Wait-free Replicated Data Types and Fair Reconciliation
Petr Kuznetsov, Maxence Perion, Sara Tucci-Piergiovanni
TL;DR
The paper tackles wait-free replication under partitioned, asynchronous networks by formalizing eventual state-machine replication and introducing stability (a growing stable prefix) and fairness (no client starvation) as progress guarantees. It proposes a generic DAG-based framework where replicas exchange local views and apply a reconciliation function to derive a total operation history, enabling wait-free operation for any replicated data type. Two reconciliation functions are presented: a BFS-based one that guarantees a growing stable prefix and a fairness-oriented one using round-robin leaders to prevent starvation, with complexity analyses and discussions of Byzantine-tolerant extensions.
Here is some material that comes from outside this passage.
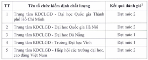 Cụ thể, 5 tổ chức kiểm định chất lượng giáo dục công lập gồm: Trung tâm Kiểm định chất lượng giáo dục – Đại học Quốc gia Hà Nội (2013); Trung tâm Kiểm định chất lượng giáo dục – Đại học Quốc gia Thành phố Hồ Chí Minh (2013); Trung tâm Kiểm định chất lượng giáo dục – Đại học Đà Nẵng (2015); Trung tâm Kiểm định chất lượng giáo dục – Hiệp hội Các trường đại học, cao đẳng Việt Nam (2015); Trung tâm Kiểm định chất lượng giáo dục – Trường Đại học Vinh (2017).

This work provides a general, practical method for implementing wait-free, partition-tolerant replication with stability and fairness in asynchronous environments, linking CRDT-style ideas with DAG-based ordering and reconciliation.
Abstract
Replication ensures data availability in fault-prone distributed systems. The celebrated CAP theorem stipulates that replicas cannot guarantee both strong consistency and availability under network partitions. A popular alternative, adopted by CRDTs, is to relax consistency to be eventual. It enables progress to be wait-free, as replicas can serve requests immediately. Yet, wait-free replication faces a key challenge: due to asynchrony and concurrency, operations may be constantly reordered, leading to results inconsistent with their original contexts and preventing them from stabilizing over time. Moreover, a particular client may experience starvation if, from some point on, each of its operations is reordered at least once. We make two contributions. First, we formalize the problem addressed by wait-free replicated data types (e.g., CRDTs) as eventual state-machine replication. We then augment it with stability and fairness ensuring, respectively, that (1)~all replicas share a growing stable prefix of operations, and (2)~no client starves. Second, we present a generic DAG-based framework to achieve eventual state-machine replication for any replicated data type, where replicas exchange their local views and merge them using a reconciliation function. We then propose reconciliation functions ensuring stability and fairness.